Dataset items
☆ ☆ ☆ ☆

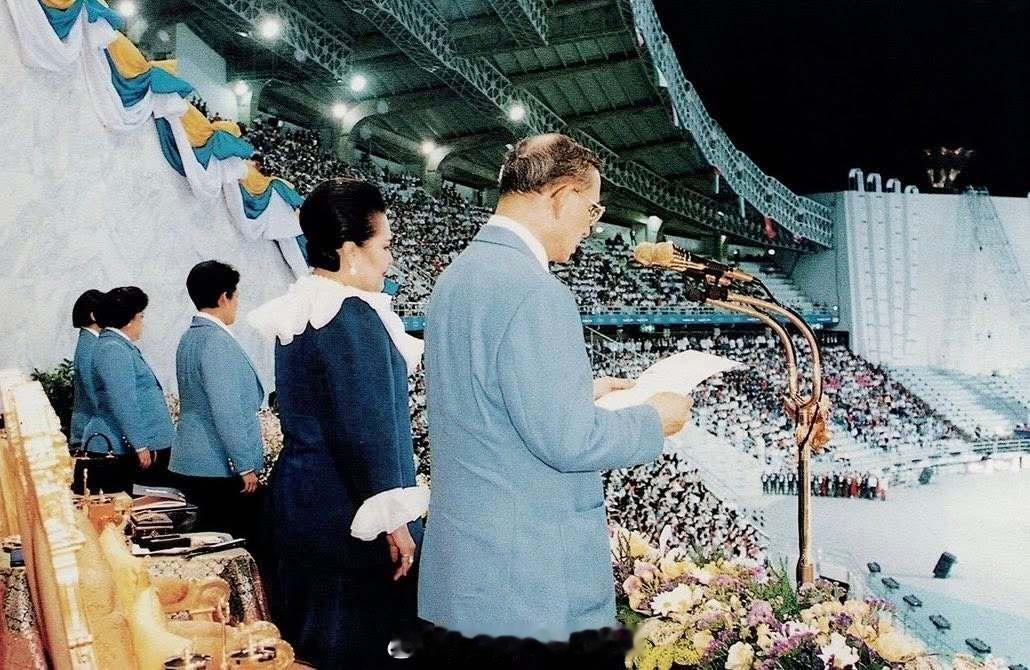 王室王室泰国王室暹罗往事 老照片:1998年12月6日,暹罗王室出席东南亚运动会开幕式。感觉颂妃出席有点迷:这时候已经离婚了,不应该是朱拉蓬出场么狗哥颂妃带着帕公主镇宅出来,不知情的以为这才是一家四口
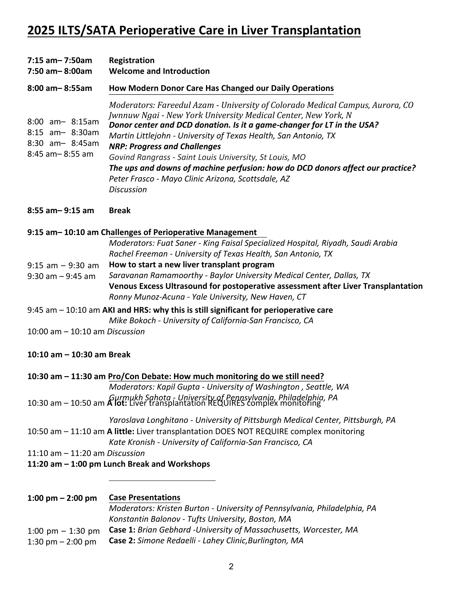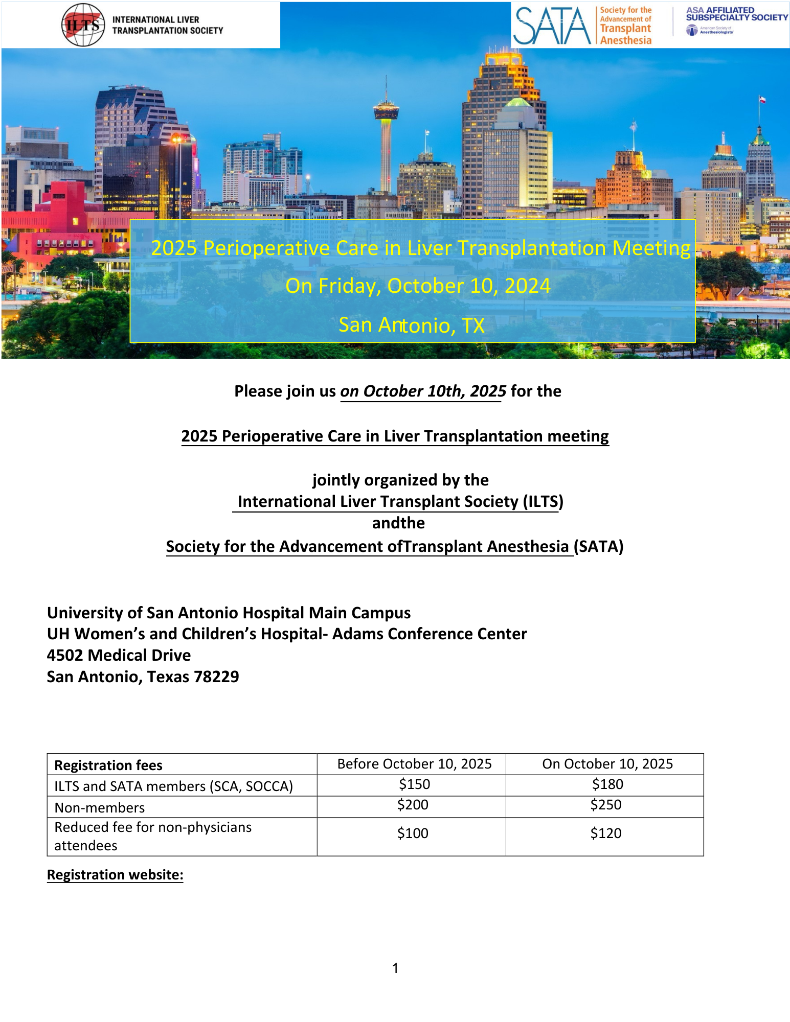 Perioperative Care in Liver Transplantation MeetingPlease join us on October 10th, 2025 for the
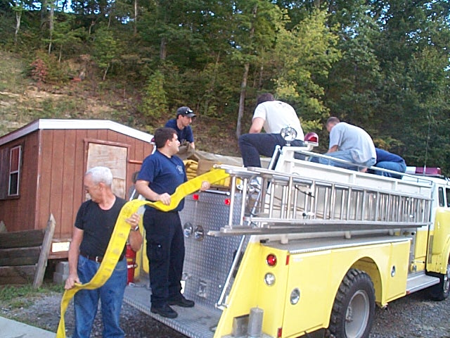 ![]() It was a "shaping up" kind of training night for the Grantsville Volunteer Fire Department Monday evening. Firemen spent most of their time testing fire hose using a pressure testing apparatus, and then replacing the hose on the trucks.
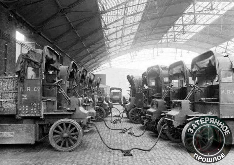 Зарядка электромобилей, Лондон, 1917 год. Никола Тесла еще жив.
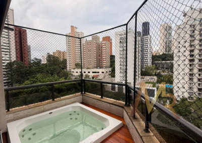 Área de lazer privativa – Varanda principal com jacuzzi e churrasqueira , ideal para receber amigos e criar momentos inesquecíveis.
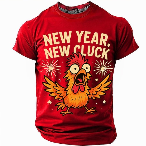 New Year New Cluck Funny Chicken Shirt, Chaos Meme Rooster Party Graphic Tee for Men, Holiday Humor T-shirt Gift, Clothing Apparel S M L XL XXL XXXL
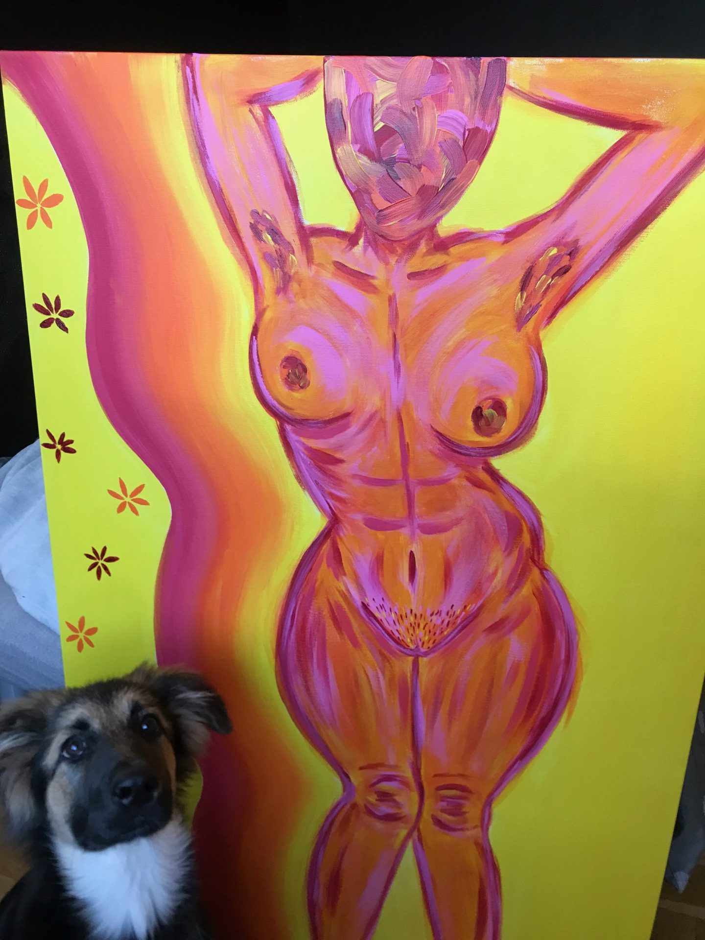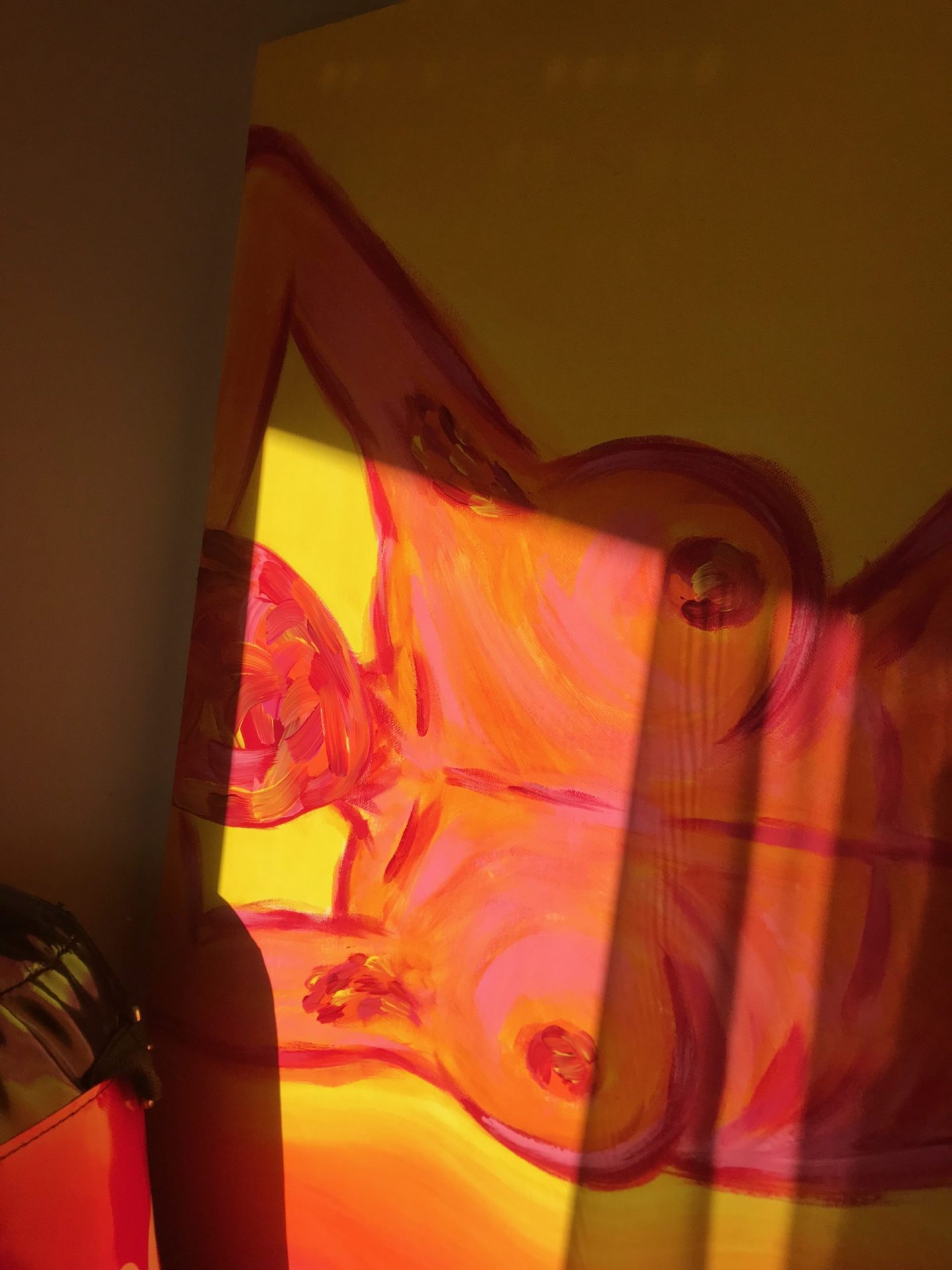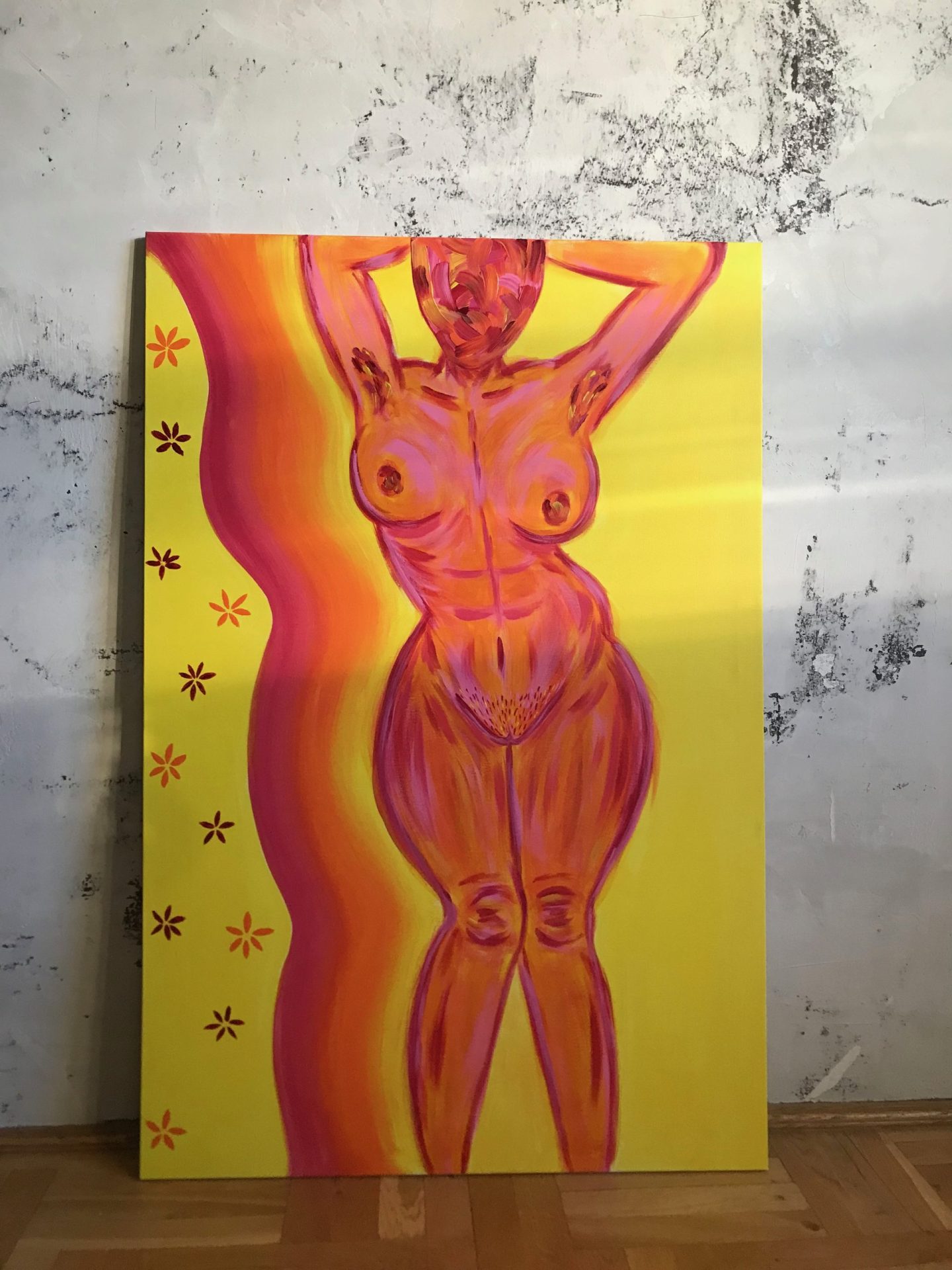 Obraz przedstawia ciało nagiej kobiety. Malowane farbami akrylowymi.Wymiary 120x80cm.
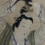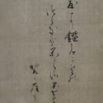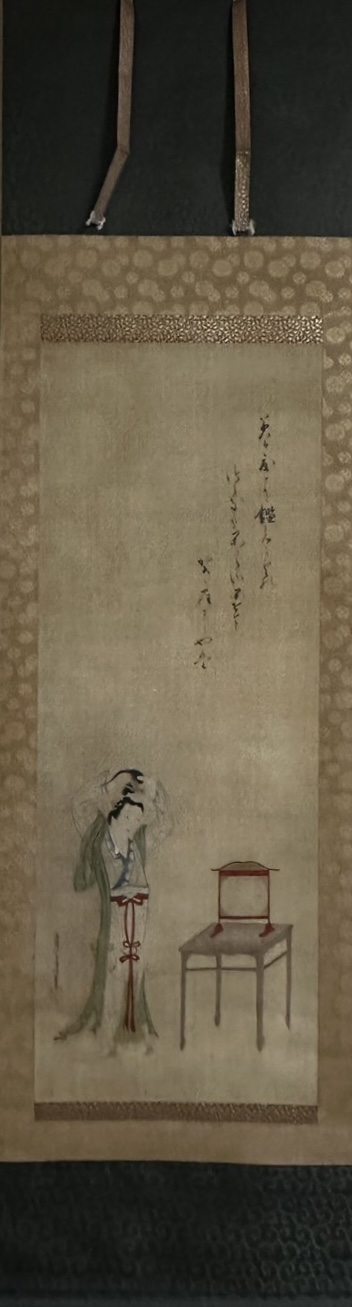 This poem is said to have been written by the mid-Heian period monk Kaien and inspired by Bai Juyi’s poem “Wang Zhaojun, Two Poems No.1”. Wang Zhaojun was a courtesan of Emperor Yuan of the Former Han Dynasty, and is known for the anecdote that she was married off to the King of the Xiongnu in order to pursue a policy of reconciliation. As she gazes into the mirror, her gaze may be focused not on her own beauty, but on the tumultuous fate that her beauty has brought about.
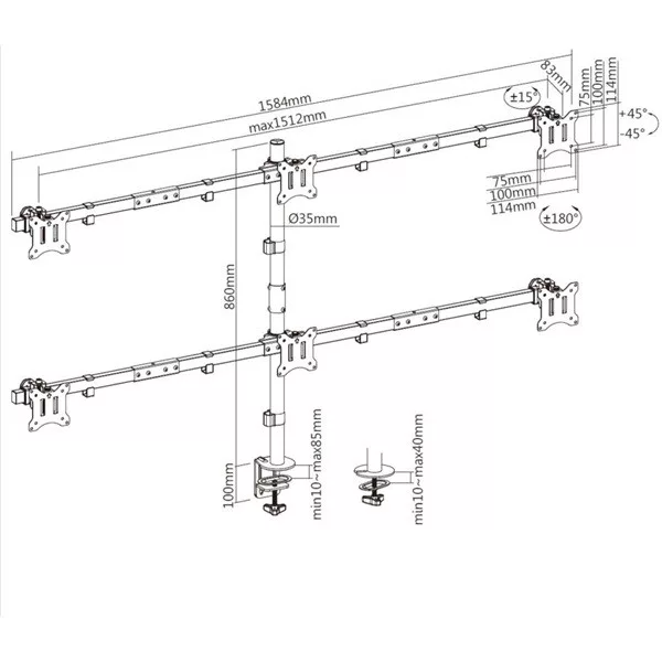Equip Monitor Asztali konzol - 650160 (13"-27", 6 monitor, dönthető, forgatható, állítható magasság Max.: 3x7kg, fekete)

☆ ☆ ☆ ☆

Set down exactly and only the lines from the start of the entries above through the line containing "Perioperative Care in", both ends included, omitting the pictures.

 王室王室泰国王室暹罗往事 老照片:1998年12月6日,暹罗王室出席东南亚运动会开幕式。感觉颂妃出席有点迷:这时候已经离婚了,不应该是朱拉蓬出场么狗哥颂妃带着帕公主镇宅出来,不知情的以为这才是一家四口
 Perioperative Care in Liver Transplantation MeetingPlease join us on October 10th, 2025 for the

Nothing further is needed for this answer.